К отказу от политики, который проявлялся в таких своеобразных опьяняюще рационализированных выкладках, Гитлера ободрял, однако, и весьма успешный ход начальной фазы войны. Роль полководца, которую он еще во время польской кампании исполнял с некоторой сдержанностью, он скоро стал играть с растущим увлечением, некая инфантильность, с которой он стремился перевести в разряд постоянных хобби все занятия, как-то однажды захватившие его, чувствовалась и в этом безмерном увлечении работой у стола с картами в ставке фюрера. Она давала его нервам новые возбудители, вместе с тем ставила перед ним новые задачи, в профессии полководца он бесспорно видел высший экзамен не только для «силы мозга», своей жесткости и решимости, но и для своего театрального темперамента – режиссерскую задачу «самого гигантского масштаба» и смертельной серьезности, его замечание, что только художественно одаренные люди обладают полководческими способностями, подчеркивает этот момент. Одержанные в первое время с легкостью победы укрепляли его убежденность, что он добавит к славе демагога и политика и лавры полководца; война шла и шла, а эта слава не приходила, и он стал гнаться за ней – неистово, упрямо, поглощенный своими фантасмагориями – до момента гибели.

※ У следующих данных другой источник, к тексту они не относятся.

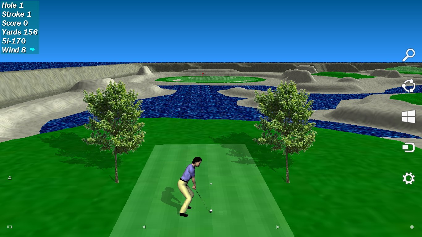 Hills, water, undulating fairways, sand traps, and tiered greens.Male or female player choice.Choice of two computer opponents or solo play.Top scores leaderboard.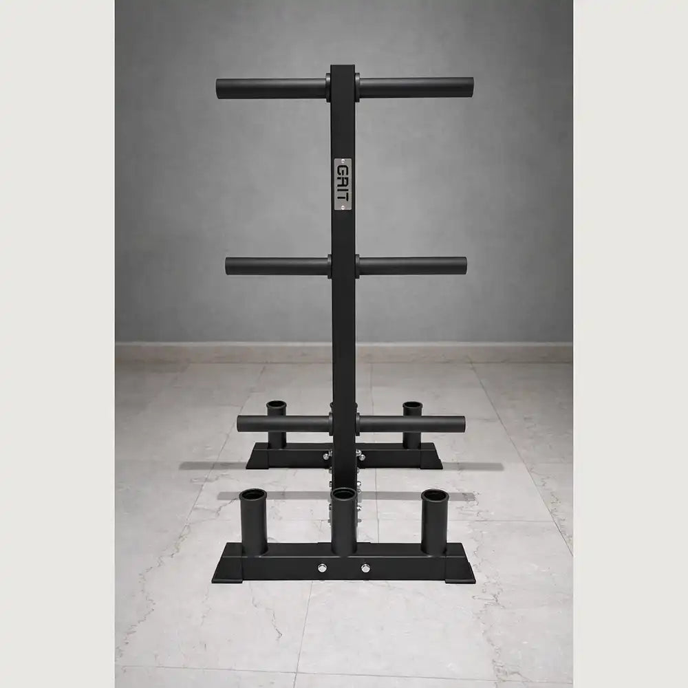 Space-Saving Design: Compact L x W x H - 63 x 77 x 150 cm dimensions optimize space utilization while accommodating both barbells and weight plates.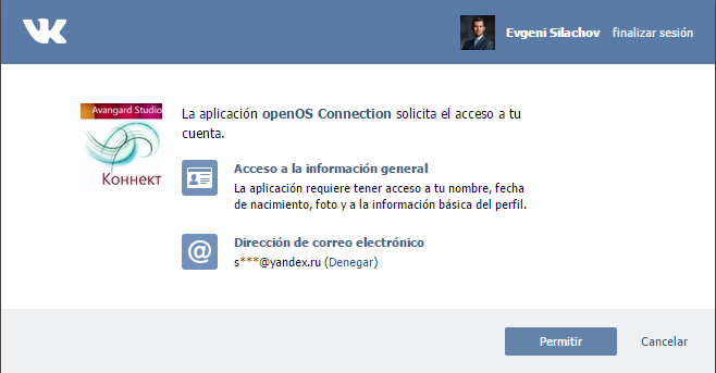 2)  нажмите кнопку "Разрешить" (на рисунке Permitir).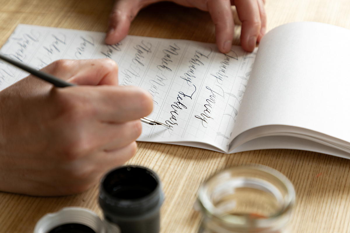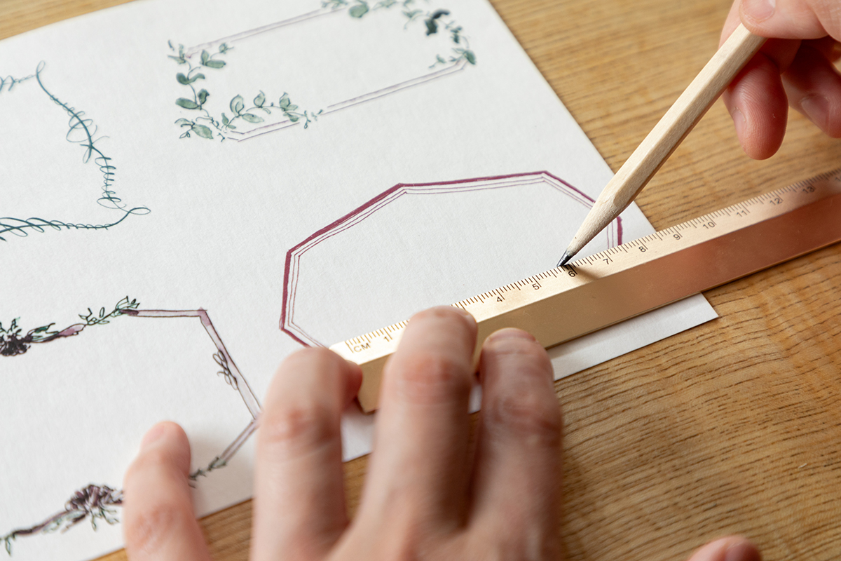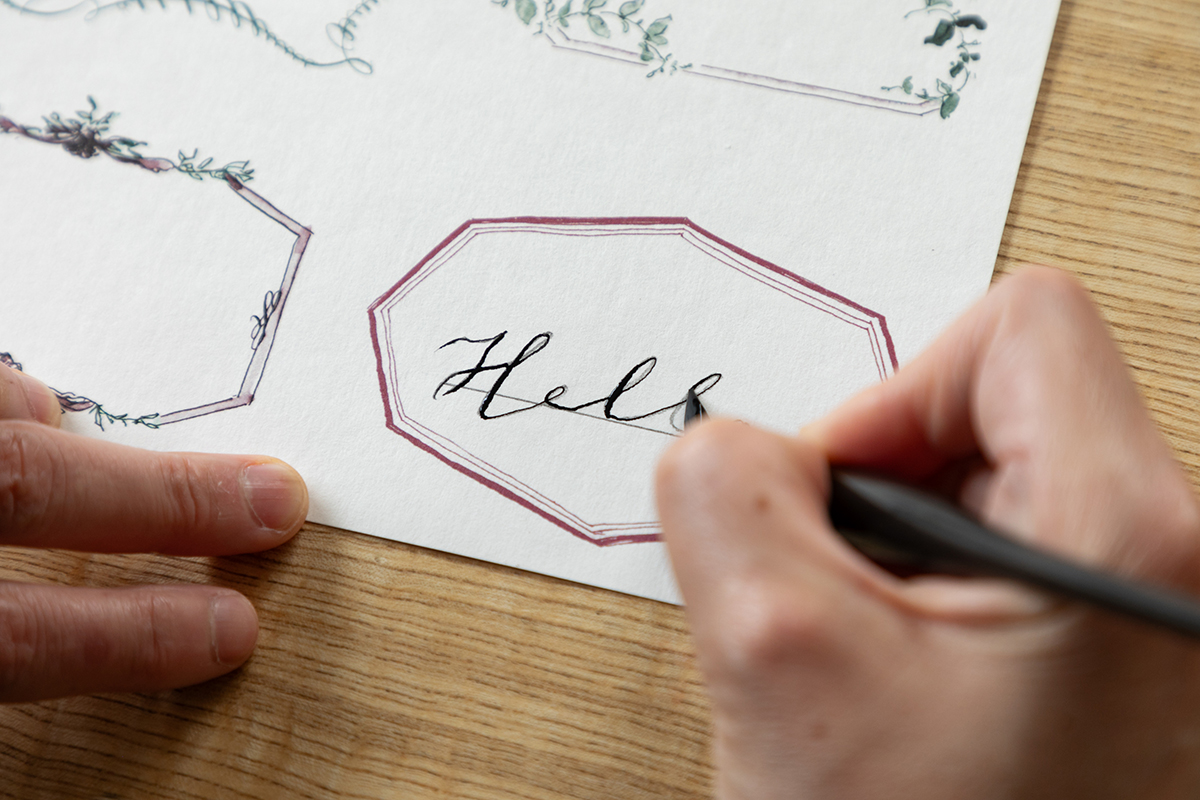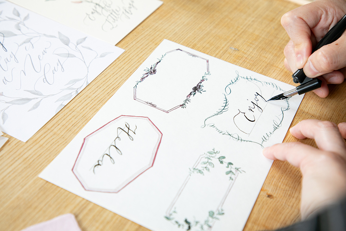 下書きを終えたら、その上からインクでなぞっていきます。最初はなかなか思うとおりにはいかないですが、何度も練習することで上達が見えるのが楽しく、ひとりだからこそ時間を気にせず没頭できます。

Воля Гитлера к войне была, однако, не только столь сильной и безусловной, что он ради нее смирился с превращением своей концепции в ее противоположность, кроме того, он вступил в схватку несмотря на то, что подготовка к ней во всех отношениях была неудовлетворительной. Подавленное настроение на улицах, неоднократно демонстративно изъявленное в прошлые месяцы нежелание людей ликовать свидетельствовали о неудовлетворительной психологической подготовке населения, в своем нетерпении Гитлер слишком мало сделал для ее улучшения. После речи в рейхстаге 28 апреля он почти не выступал перед массами, предположительно, он исходил из того, что драматизм событий и так оказывает достаточное воздействие в плане мобилизации и пробуждения энергии людей. Но чувство удовлетворения, которое доставляли людям возвращение Рейнской области, аншлюс Австрии и присоединение Судетской области, уже при оккупации Праги не проявилось, окончательно исчерпав себя: для потребности в престиже нации, которая так долго чувствовала себя униженной, ни Данциг, ни коридор не были вопросами подлинного значения. Хотя война против Польши была популярнее какой-либо другой кампании во второй мировой войне, но впечатляюще действующим мотивом она не обладала, ни раздутые сообщения о «зверствах поляков», которые убивают, пытают и насилуют немок и немцев, ни реальное число – примерно 7 тысяч жертв – не могли создать его. Уже спустя немного месяцев после начала войны участились выражения недовольства, служба безопасности (СД) отмечала как «глас народа», «что войну начали без достаточной подготовки», между Рождеством и Новым годом пришлось впервые публично использовать полицию для разгона групп недовольных людей [351].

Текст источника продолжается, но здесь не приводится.